Apache DistCp is an open-source tool for Hadoop clusters that you can use to perform data transfers and inter-cluster or intra-cluster file transfers. AWS provides an extension of that tool called S3DistCp, which is optimized to work with Amazon S3. Both these tools use Hadoop MapReduce to parallelize the copy of files and directories in a distributed manner. Data migration between GCS and Amazon S3 is possible by utilizing Hadoop’s native support for S3 object storage and using a Google-provided Hadoop connector for GCS. This post demonstrates how to configure an EMR cluster for DistCp and S3DistCP, goes over the settings and parameters for both tools, performs a copy of a test 9.4 TB dataset, and compares the performance of the copy.
The following are the prerequisites for configuring the EMR cluster:
- Install the AWS Command Line Interface (AWS CLI) on your computer or server.

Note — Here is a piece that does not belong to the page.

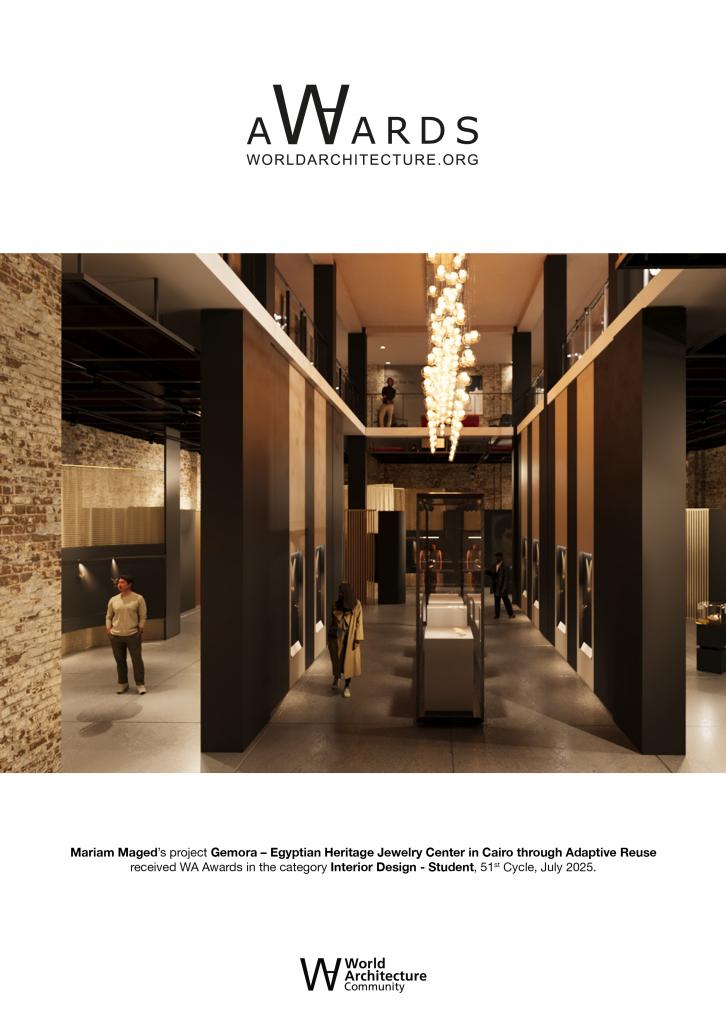 Gemora – Egyptian Heritage Jewelry Center in Cairo through Adaptive Reuse (The factory) by Mariam Maged in Egypt won the WA Award Cycle 51. Please find below the WA Award poster for this project.

For instructions, see Installing, updating, and uninstalling the AWS CLI.
- Create an Amazon Elastic Compute Cloud (Amazon EC2) key pair for SSH access to your EMR nodes. For instructions, see Create a key pair using Amazon EC2.
- Create an S3 bucket to store the configuration files, bootstrap shell script, and the GCS connector JAR file. Make sure that you create a bucket in the same Region as where you plan to launch your EMR cluster.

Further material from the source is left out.